◆ **RECORDED INFORMATION**:
○ ○ ○
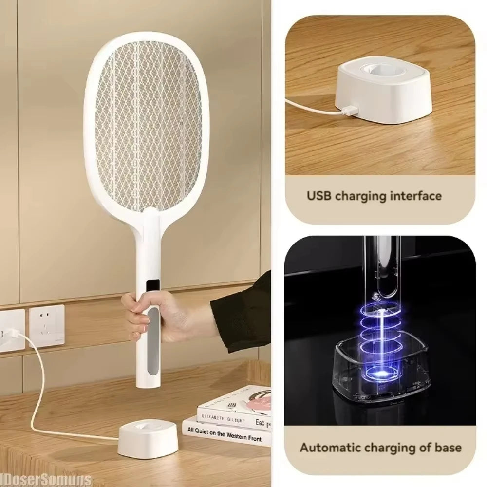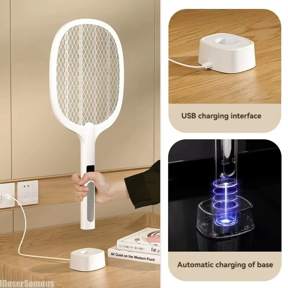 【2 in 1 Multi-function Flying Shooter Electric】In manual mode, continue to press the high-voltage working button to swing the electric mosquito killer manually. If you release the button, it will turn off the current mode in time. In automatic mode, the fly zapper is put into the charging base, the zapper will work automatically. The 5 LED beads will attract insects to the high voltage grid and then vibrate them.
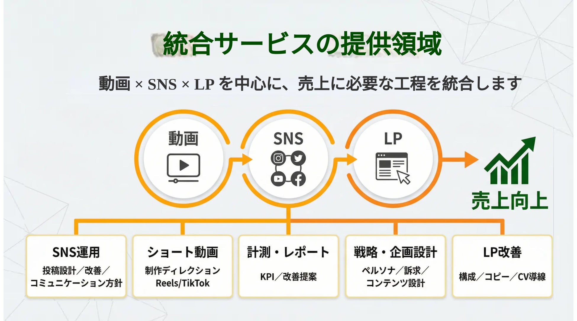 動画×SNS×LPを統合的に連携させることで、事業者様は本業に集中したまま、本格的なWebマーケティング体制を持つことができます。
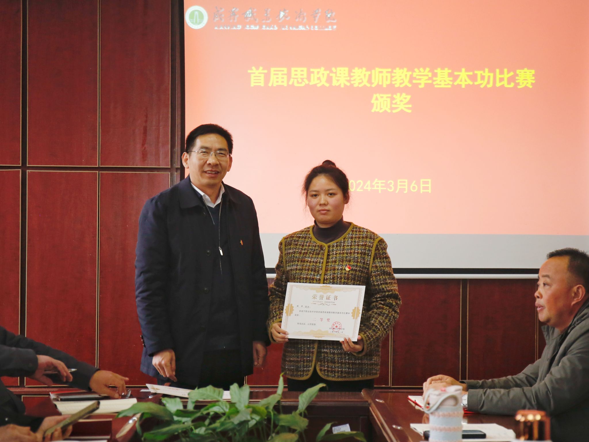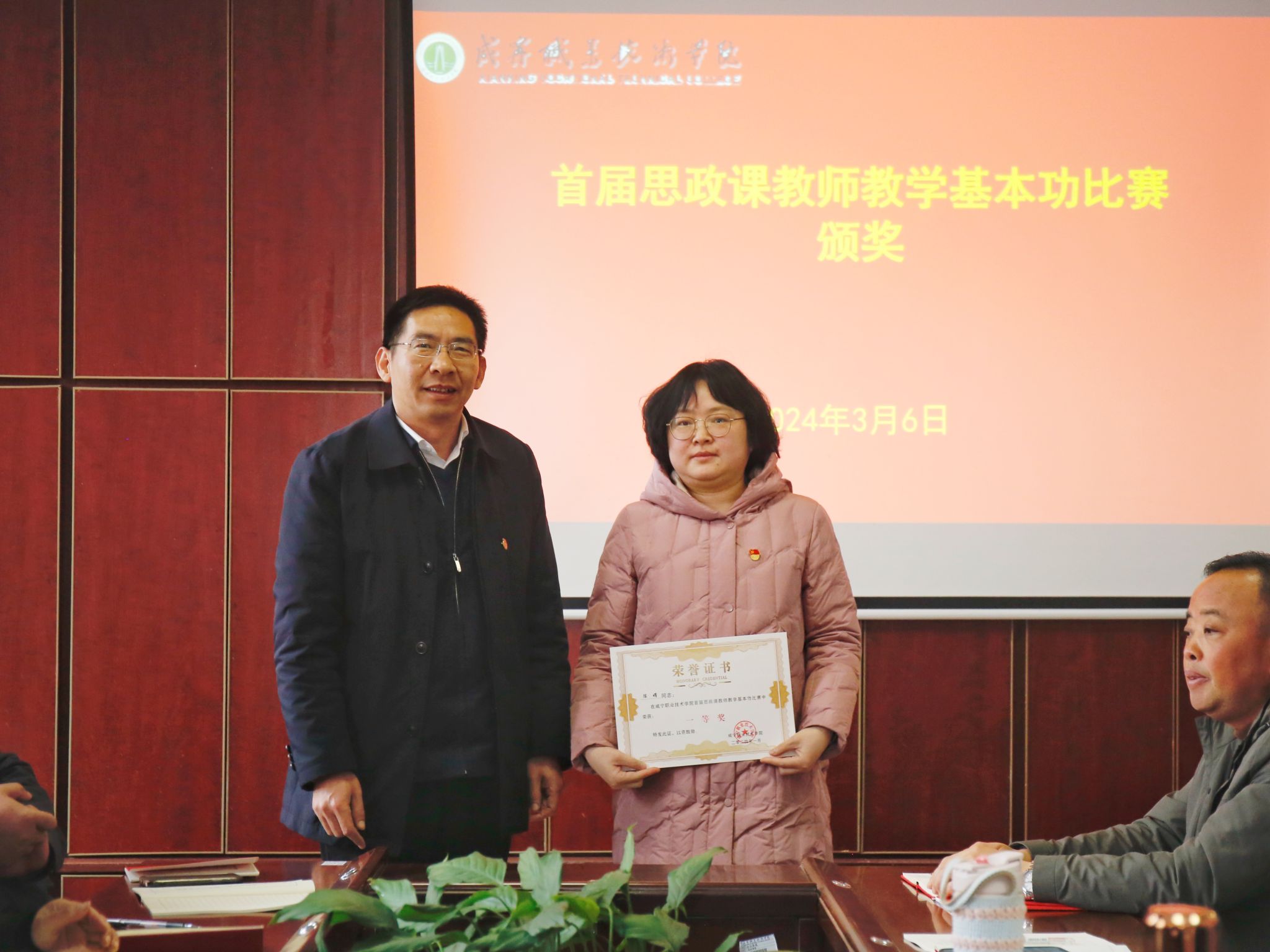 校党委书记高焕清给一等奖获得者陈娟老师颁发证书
○ ○ ○
Repeat the material above verbatim. Leave the pictures behind.

◆ **SOLVED PROBLEM**:
 【2 in 1 Multi-function Flying Shooter Electric】In manual mode, continue to press the high-voltage working button to swing the electric mosquito killer manually. If you release the button, it will turn off the current mode in time. In automatic mode, the fly zapper is put into the charging base, the zapper will work automatically. The 5 LED beads will attract insects to the high voltage grid and then vibrate them.
 動画×SNS×LPを統合的に連携させることで、事業者様は本業に集中したまま、本格的なWebマーケティング体制を持つことができます。
 校党委书记高焕清给一等奖获得者陈娟老师颁发证书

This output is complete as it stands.